### [Try it]
Output only the lines below from the one holding "- Pesutilojen kuvaus: 2" down to the one holding "Den perfekt strandväggens", both end lines included and every picture dropped.

### [Task data]
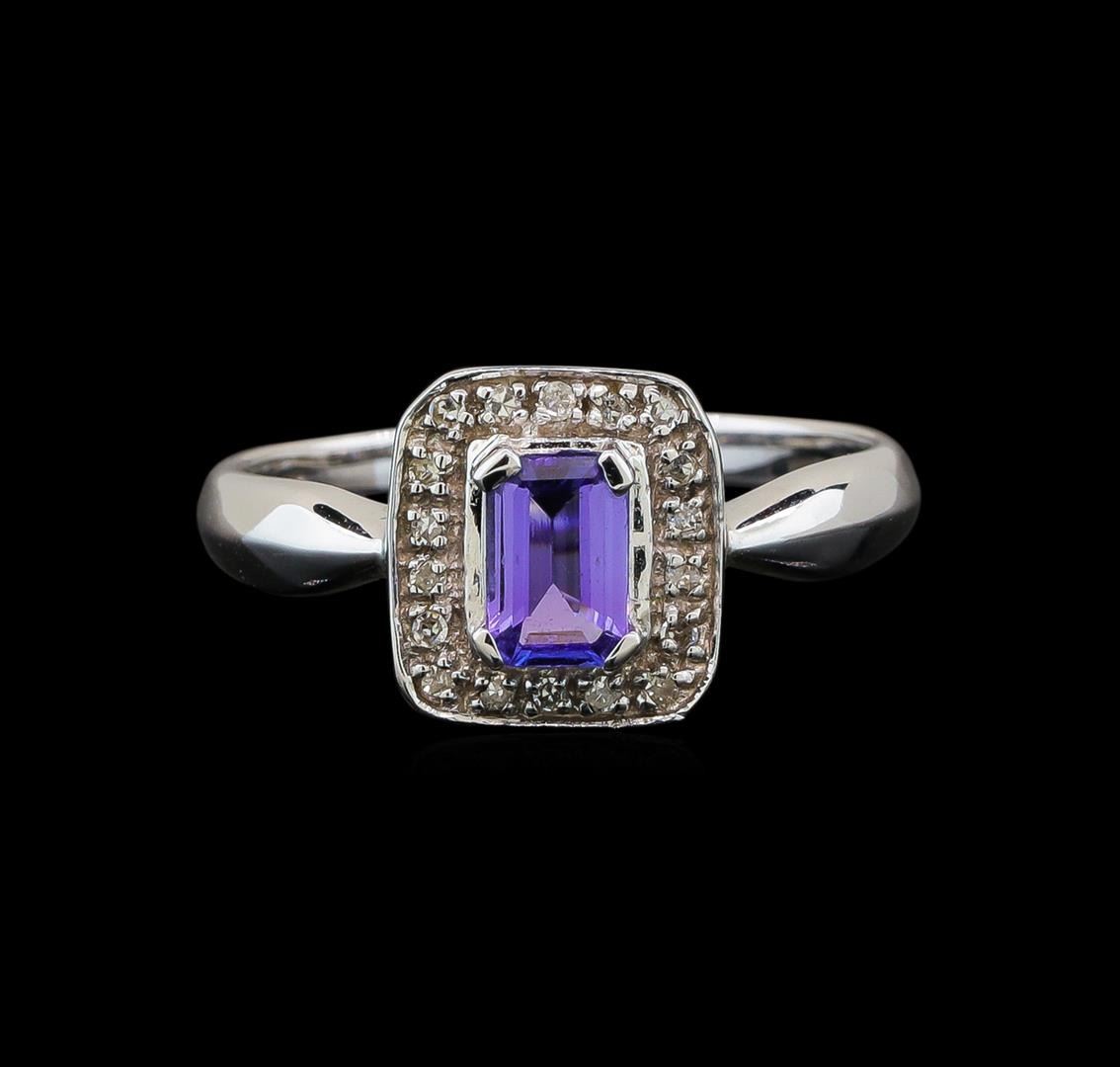 One electronically tested 14KT white gold ladies cast tanzanite and diamond ring with a bright polish finish. Identified with markings of "14K". Condition is new. Containing: One prong set emerald standard step cut natural tanzanite, measuring 5.90 x 4.30 x 2.80mm, approximate weight of 0.64ct., clarity is eye clean, type I, medium light, slightly grayish, violet color, (GIA V 4/2), cut is good. Eighteen prong set single cut diamonds, measuring 1.30 - 1.30 x 0.78mm (depth est.) approximate total weight of 18 Stones = 0.14ct. Clarity: I-1 to I-2. Color: I - J. Colored gemstones are presumed to have been subjected to commonly used enhancement processes. All diamonds and colored gemstones are graded in the mounting, unless otherwise stated. Total Weight of Colored Stones 0.64ct. Total Weight of Diamonds 0.14ct. Total Weight of Ring 2.90 grams. GGL Appraised.
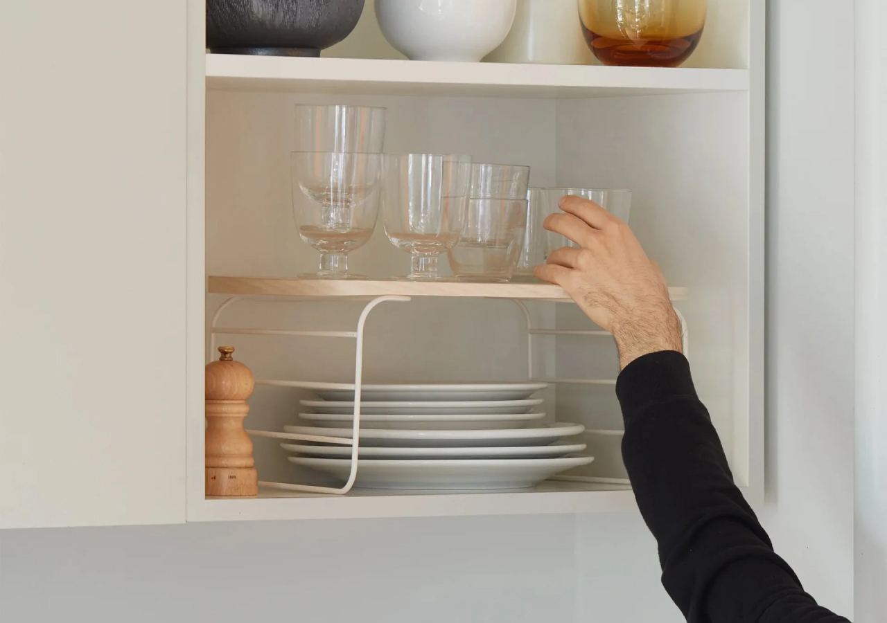 Place the shelves strategically: too many levels make it difficult to access items, while a few well-placed tiers create a convenient and functional storage system. This approach allows you to use the space as efficiently as possible, keeping your cabinets tidy and easy to use.
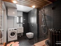 - Pesutilojen kuvaus: 2 kylpyhuonetta WC-istuimineen! Kaikki kiinteästi asennetut kalusteet kuuluvat kauppaan. Varustus mm. suihku, suihkuseinät, kaapistot, peili, allaskaappi, pesukoneliitäntä. Erillisten WC:n lukumäärä: 2. Erillisen WC:n kuvaus: 2 WC:tä kylpyhuoneiden yhteydessä.
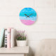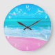 Den perfekt strandväggens klocka med ett foto av en serenisk tropisk rosa och strand. Gör perfekten till en gåva till någon som kärlekar stranden och tropisk semester.
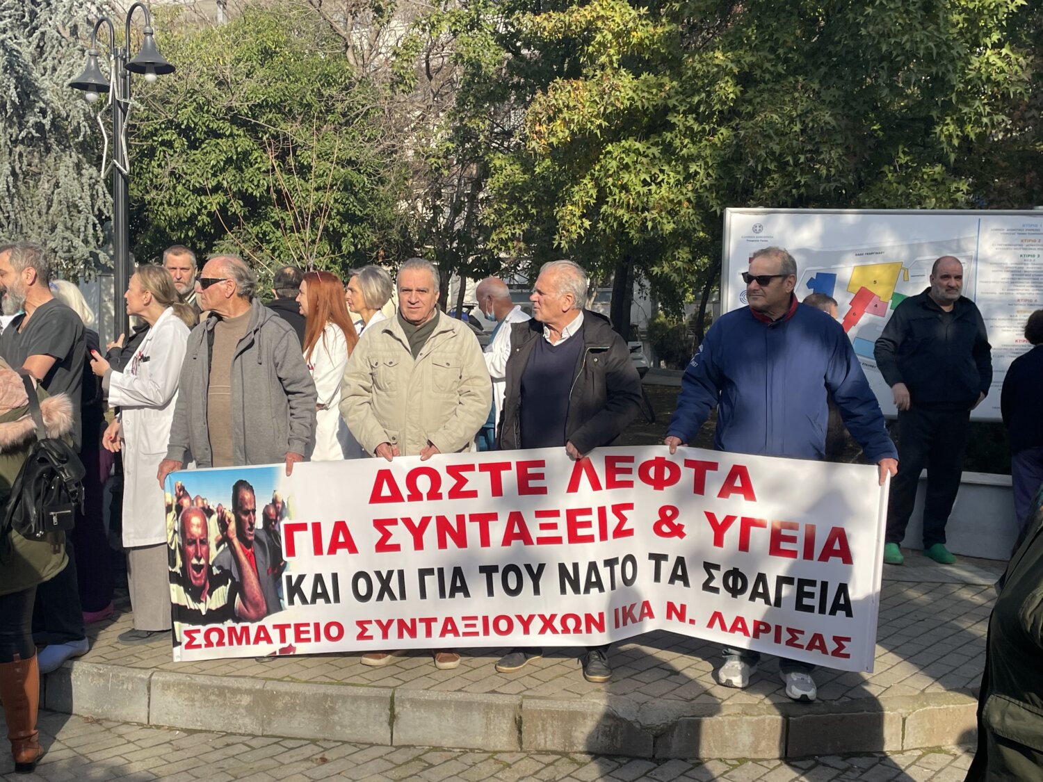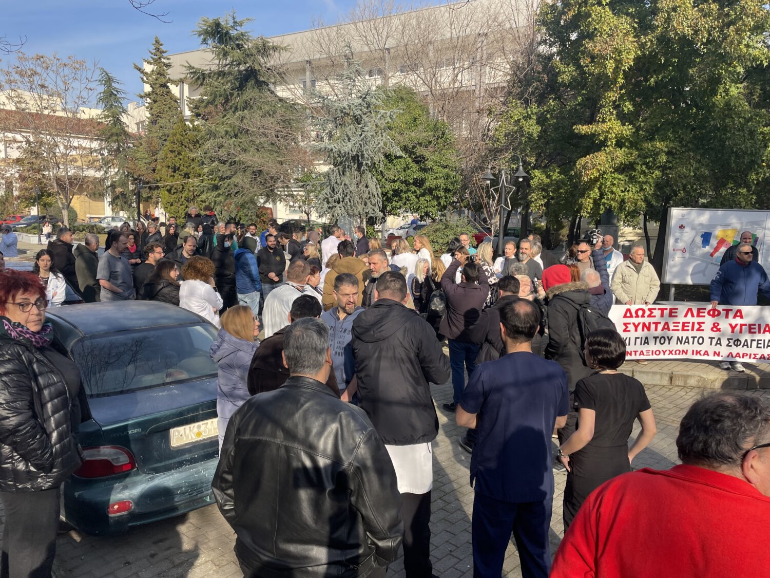 Η ΕΙΝΚΥΛ και ο Σύλλογος Εργαζομένων του Γενικού Νοσοκομείου Λάρισας, είχαν απευθύνει κάλεσμα σε γιατρούς και νοσηλευτές για συμμετοχή στις συνεχόμενες διαμαρτυρίες. Έτσι σήμερα το πρωί πραγματοποιήθηκε Γενική Συνέλευση και στη συνέχεια διαμαρτυρία με τη συμμετοχή φορέων της πόλης.

### [Exercise response]
 - Pesutilojen kuvaus: 2 kylpyhuonetta WC-istuimineen! Kaikki kiinteästi asennetut kalusteet kuuluvat kauppaan. Varustus mm. suihku, suihkuseinät, kaapistot, peili, allaskaappi, pesukoneliitäntä. Erillisten WC:n lukumäärä: 2. Erillisen WC:n kuvaus: 2 WC:tä kylpyhuoneiden yhteydessä.
 Den perfekt strandväggens klocka med ett foto av en serenisk tropisk rosa och strand. Gör perfekten till en gåva till någon som kärlekar stranden och tropisk semester.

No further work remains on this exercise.